As you can see, each CPU in the Angels Landing CPU enclosure has its own network interface card as well as a PCI-Express 3.0 x16 slot for linking that CPU out to the PCI-Express switch fabric that links the accelerator compute complex together and to the CPUs as well. Those accelerators are linked in a hybrid cube mesh that is almost fully connected in the diagram above, but there are other topologies that could be supported, like this:
The diagram on the left has six ports coming off each accelerator and with eight accelerators linked in a hybrid cube mesh. On the right of the diagram above, there are eight devices again, but with one extra port per device (for a total of seven) the devices can be linked in an all-to-all interconnect arrangement. There are obviously other options, and the point is that different neural networks do better with different interconnect topologies, and this will allow Facebook and others to change up the topology on an interconnect to meet the needs of a neural network.
Inferring The Future Of Inference
Facebook has made no secret that it wants to have more efficient inference engines than it currently finds in the market, a topic that it discussed in a paper last year. This week at the OCP Global Summit, the company’s top brass outlined what the future might look like when it comes to machine learning inference hardware.
Vijay Rao, director of technology and strategy at Facebook, set the stage by reminding everyone about the 8087 math coprocessor, from way back in 1980, that Intel created for the 8086 family of processors that are the forbears of the Core chips in clients and Xeon chips in servers these days. These machines could do around 50 kiloflops (at 32-bit single precision) within a 2.4 watt thermal envelope, which is a pretty terrible 20.8 kiloflops per watt. The goal that Facebook has is to be able to do something closer to 5 teraflops per watt using low precision math such as INT8, and if you look at the big bad GPU from Nvidia, the GV100, it can do about 0.4 teraflops per watt.
“We have been working closely with a number of partners in designing ASICs for inference,” Rao explained in his keynote. “The throughput increase of running inference in an accelerator compared to a traditional CPU needs to be worthwhile. In our case, it should be roughly 10X on a per watt or a TCO basis.”
Rao talked generally about ganging up inference engines in M.2 form factors onto microserver cards and then plugging them into the “Yosemite” server enclosures, created way back in 2015, that Facebook designed to do basic infrastructure jobs. But later in the day, Naghshineh actually showed how this would be done.
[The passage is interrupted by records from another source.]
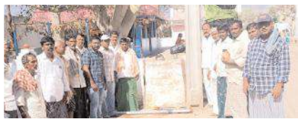
పనులను ప్రారంభిస్తున్న దృశ్యం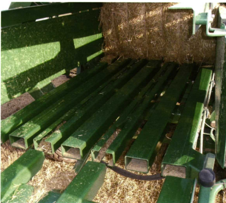
Foto 4. Canal de compresión.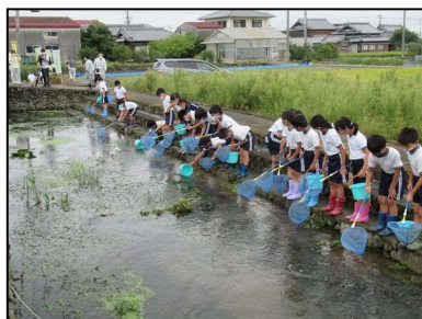
ため池や水路で生き物を捕獲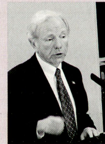
Der frühere demokratische US-Senator Joe Liebermann (Connecticut), der 2006 als Unabhängiger wieder in den Senat gewählt wurde. Er und McCain sind regelmäßige Teilnehmer in München.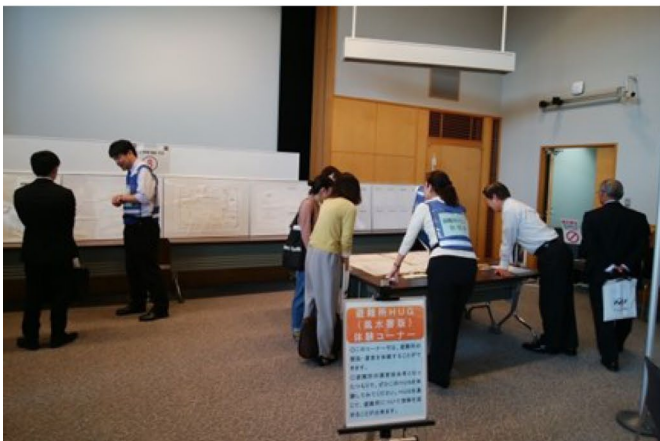
避難所HUG(風水害版) 【(一財) 消防防災科学センター】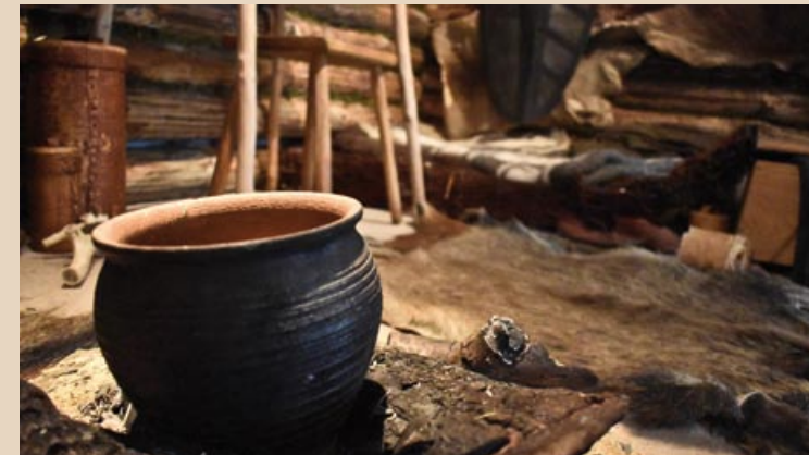
Rekonstrukcija srjedžowěkowskeho kładžiteho domu Nachbau eines mittelalterlichen Blockhauses

Přizjewjenje Voranmeldung Tel. 03591.2708700, sekretariat@sorbisches-museum.de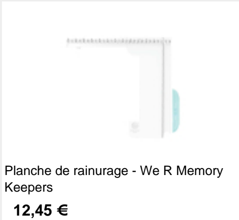
Planche de rainurage - We R Memory Keepers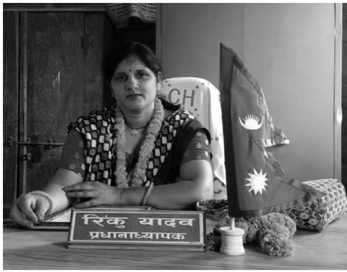
बढी हुँदोरहेछ । विद्यार्थीको त्रिकोणात्मक सम्बन्धमा फलत विद्यालयलाई शिक्षक, अभिभावक र शिक्षण सिकाई प्रभावकारी बनाउने उनले

विद्यालयको शैक्षिक वातावरण, सिकाइ उपलब्धी, व्यवस्थापन, छात्रछात्रा र अभिभावकसंगको समन्वयले विद्यालयलाई नमुना बनाउन सफल भएको उनले बताइन् । उनले भनिन्, 'प्रधानाध्यापक भएपछि जिम्मेवारी, कर्तव्य र उत्तरदायित्व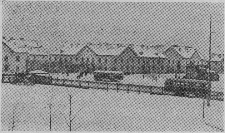
НА СНИМКЕ: зимним днем на улице Ленина.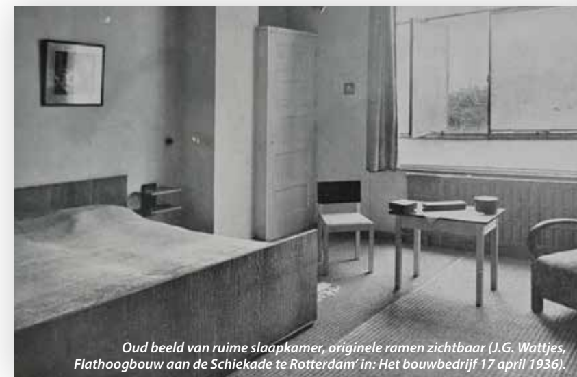
Oud beeld van ruime slaapkamer, originele ramen zichtbaar (J.G. Wattjes, Flathoogbouw aan de Schiekade te Rotterdam' in: Het bouwbedrijf 17 april 1936).

onderzoek naar de flat. Haar analyse begon met een speurtocht naar de originele bouwtekeningen.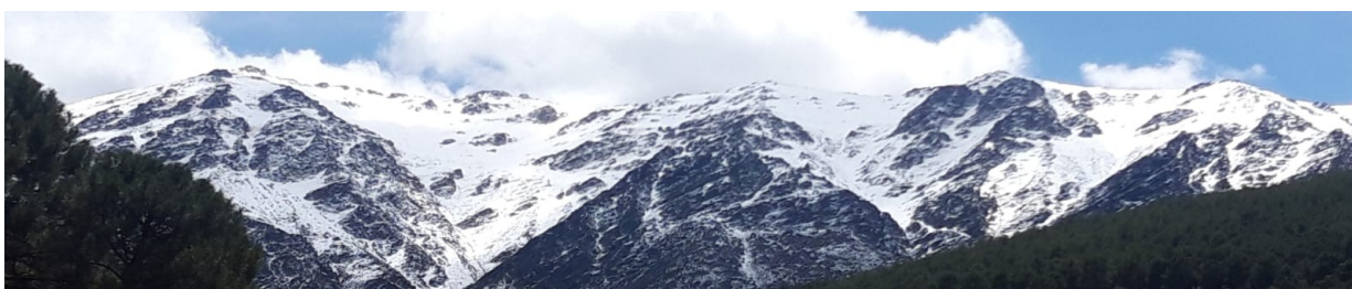
Cara norte Sierra Nevada almeriense 26-4-22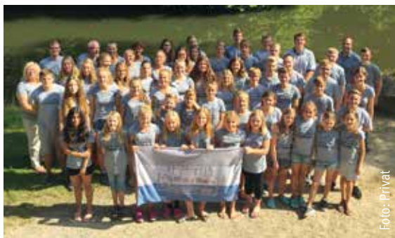
Bei der KjG-Ferienfreizeit werden Spaß und Gemeinschaft großgeschrieben.

Beim gemeinsamen Infoabend werden die vier Ferienfreizeiten genauer vorgestellt und es besteht die Möglichkeit, Fragen zu stellen. Der Infoabend findet statt am Dienstag, 8. November, um 19.30 Uhr im Pfarrheim St. Johannes der Täufer. Anmeldungen werden am Samstag, 3. Dezember, zwischen 9 Uhr und 10 Uhr im jeweiligen Pfarrheim entgegen genommen. Dazu sind 100 Euro Anzahlung sowie die Unterschrift eines Erziehungsberechtigten erforderlich.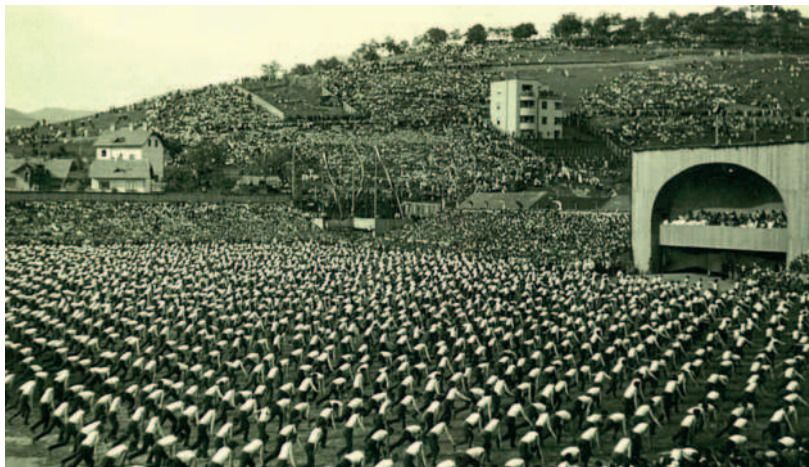
Slet v Sarajevu 1934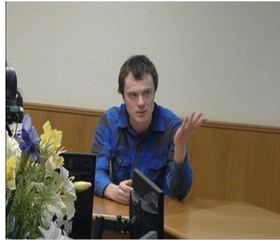
Встречи с представителями профессии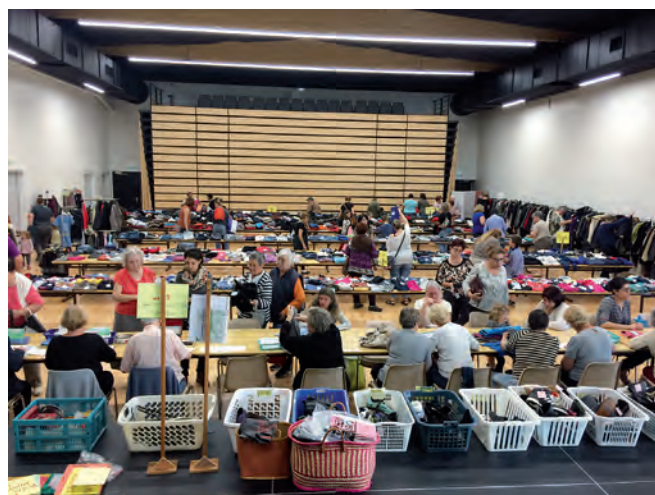
La bourse aux vêtements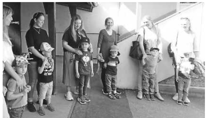
Im Abschlusskreis überraschen die Kinder ihre Mamas mit einem Lied

Verabschiedet wurden die Mamas noch mit einem Abschiedslied. Nicht nur der kulinarische Genuss war für sie etwas Besonderes, sondern dass sich ihre Kinder auf diese wunderschöne, herzliche und unvergessliche Art und Weise bei ihnen bedanken!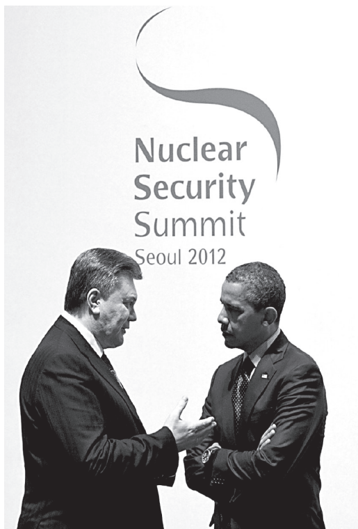
Віктор Янукович і Барак Обама на Сеульському саміті. 2012 р.

Цей виступ відбувся напередодні Сеульського саміту, на якому українська сторона прагнула зустрічі Янукович-Обама. Звідси, 27 березня 2012 р. у Сеулі, в межах саміту з питань ядерної безпеки, відбулася надкоротка зустріч Обами та Януковича. Президент США в тій політичній ситуації просто не міг мати класичної двосторонньої зустрічі з Президентом України, якого звинувачували в політичних переслідуваннях. Тоді, саме в березні 2012 року, Україна відправила останню партію військового урану до Росії 995 .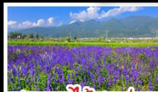
สวนดอกไม้ฮาวามู่ฉาง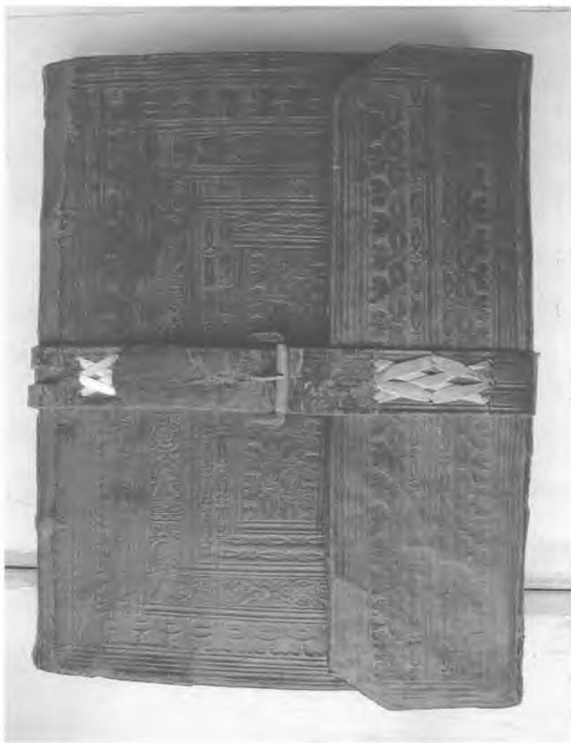
Forsiden af bindet til Helsingør skifteprotokol 1571-1582. Teksten er skrevet i hånden og lyder „Skiffte Bog“.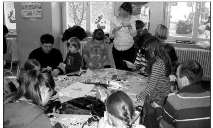
Takole so pustne maske izdelovali na Ptujski Gori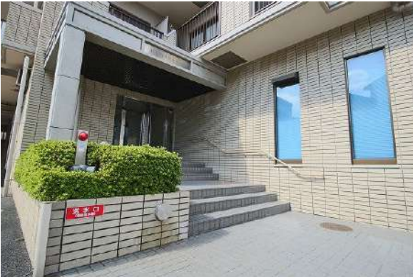
【エントランスホール】共用部分は緑の手入れや清掃が行き届いています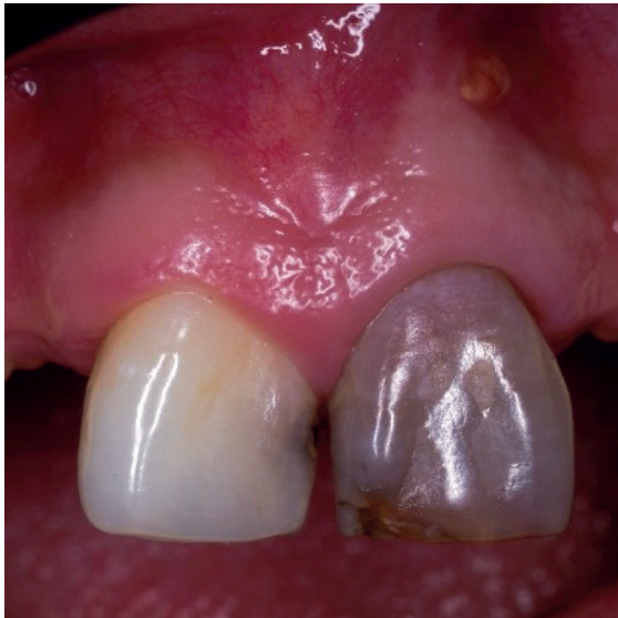
Imagen 1 Fotografía inicial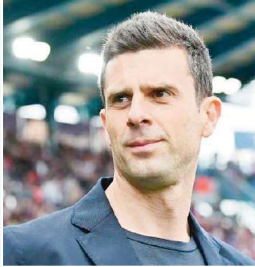
ويحتل يوفنتوس حالياً المركز الخامس في جدول ترتيب الدوري الإيطالي برصيد 52، ويسعى ترتيب يوفنتوس مركز مؤهل لدوري أبطال أوروبا الموسم المقبل على الأقل.

رفض المدرب الإيطالي تياجو موتا، مدرب يوفنتوس، الحديث عن الاستقالة بعد الخسارة أمام فيورنتينا بنتيجة 0-3 في الدوري الإيطالي. وسجل ثلاثية الفيولا على أرض ملعب أرتيميو فرانكي كل من روبن جوسينس وروناندو ماندراجورا وألبرت جودموذندسون.

Here is what the “Kings Canyon” family of M.2 inference engines look like:
There are two different form factors, which Facebook is trying to encourage inference chip makers to support. One is a single wide M.2 unit that supports a maximum of 12 watts and has a single PCI-Express x4 interface coming off it, while the other has twice as much memory, a 20 watt thermal envelope and a pair of PCI-Express x4 ports which can either be used separately or bundled up. Multiple of these M.2 inference cards are plugged into the “Glacier Point” carrier card, which slots into a real PCI-Express x16 slot, and up to four of these carriers are crammed into a Yosemite enclosure, like this:
This is what the block diagram of the clustered inference engines looks like:
The only reason that this works is the same reason that it makes sense to use low-core count, high frequency, single-socket microservers to run electronic design automation (EDA) workloads, which Intel itself does despite the fact that it wants to sell two-socket servers to the world. Inference workloads are like Web serving and EDA verification: You can dispatch the whole job, which is small, to one of a zillion loosely coupled (barely coupled not really coupled at all) compute units, and do a zillion of those jobs at once and get a great deal of work done at the same time. Inferring on one bit of data is in no way dependent on what is being inferred on those other zillion jobs. Not so with machine learning training, which is much more like traditional HPC simulation and modeling in that, to varying degrees and frequencies, any bit of processing done on one compute element is dependent on the results from other compute elements.
Hence, the radically different hardware designs for machine learning training and inference we are seeing come out of Facebook. What we can see for sure is that Facebook wants to be able to adopt any kind of CPU and accelerator for training it thinks is right for the frameworks, and any cheap as chips inference engine that can do 10X better than a CPU at any given time. That inference business, which runs on X86 servers at Facebook today, is Intel’s to lose. Or not, if Facebook decides to deploy M.2 Nervana NNP inference engines in its fleet when they become available later this year. We will see which way the inference streams flow through Kings Canyon.